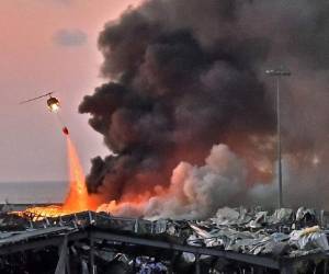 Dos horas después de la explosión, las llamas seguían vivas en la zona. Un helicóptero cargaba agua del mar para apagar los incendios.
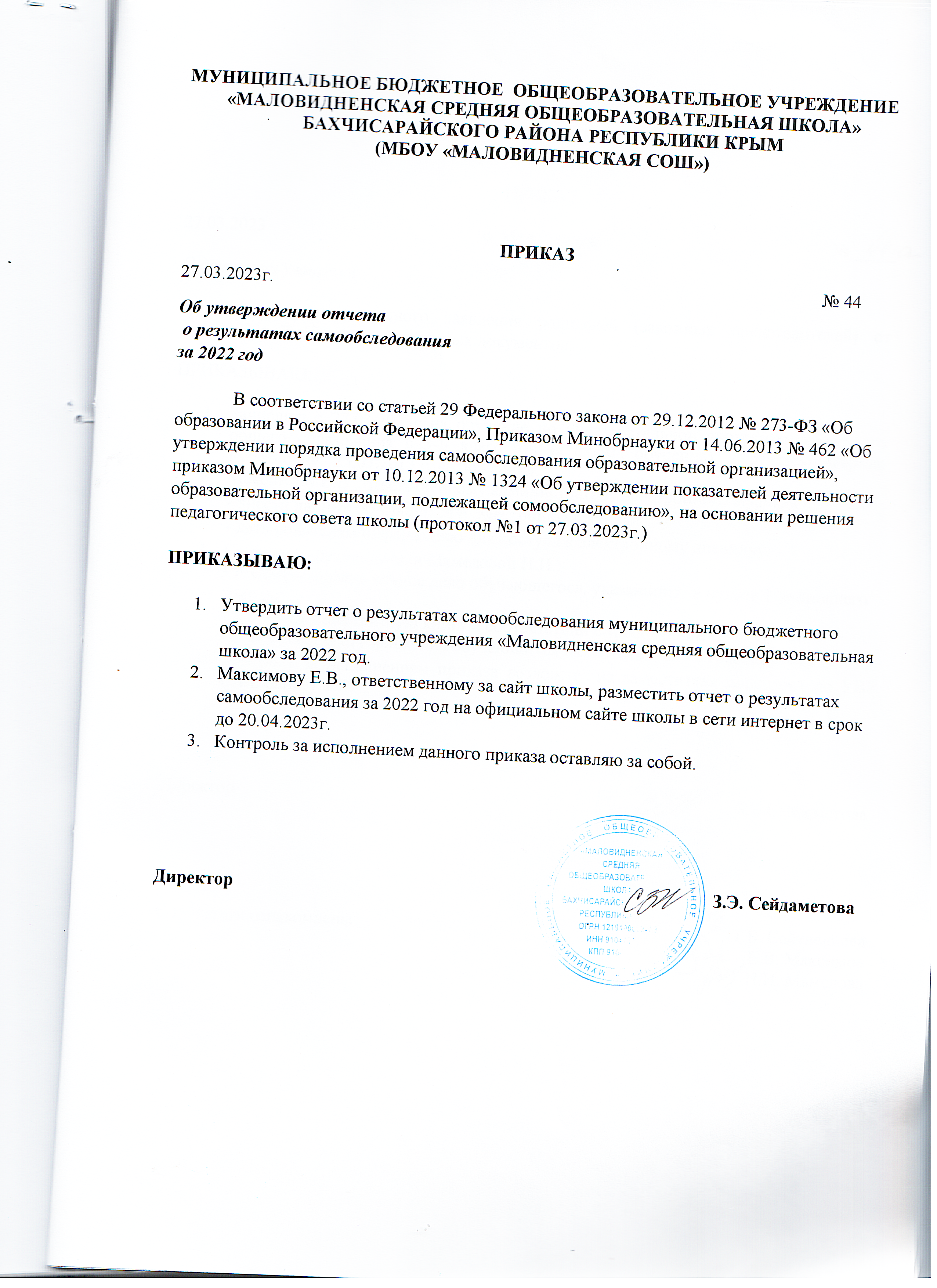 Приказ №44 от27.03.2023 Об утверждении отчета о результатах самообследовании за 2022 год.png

■ ■ ■

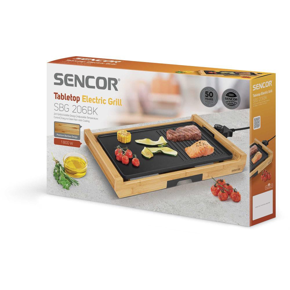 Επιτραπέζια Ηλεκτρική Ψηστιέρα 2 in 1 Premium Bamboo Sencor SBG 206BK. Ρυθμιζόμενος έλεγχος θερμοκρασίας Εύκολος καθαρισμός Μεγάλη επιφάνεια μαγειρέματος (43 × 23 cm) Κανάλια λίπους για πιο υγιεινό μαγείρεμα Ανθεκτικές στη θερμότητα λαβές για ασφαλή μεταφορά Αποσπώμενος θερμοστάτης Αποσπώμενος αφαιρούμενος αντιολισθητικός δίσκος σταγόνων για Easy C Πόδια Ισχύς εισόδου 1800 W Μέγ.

■ ■ ■

• **Task objective**
Using the records above, print exactly the lines between the ones containing "Dos horas después" and "Приказ №44 от27.03.2023", inclusive, and nothing else; no pictures.

• **Exercise solution**
 Dos horas después de la explosión, las llamas seguían vivas en la zona. Un helicóptero cargaba agua del mar para apagar los incendios.
 Приказ №44 от27.03.2023 Об утверждении отчета о результатах самообследовании за 2022 год.png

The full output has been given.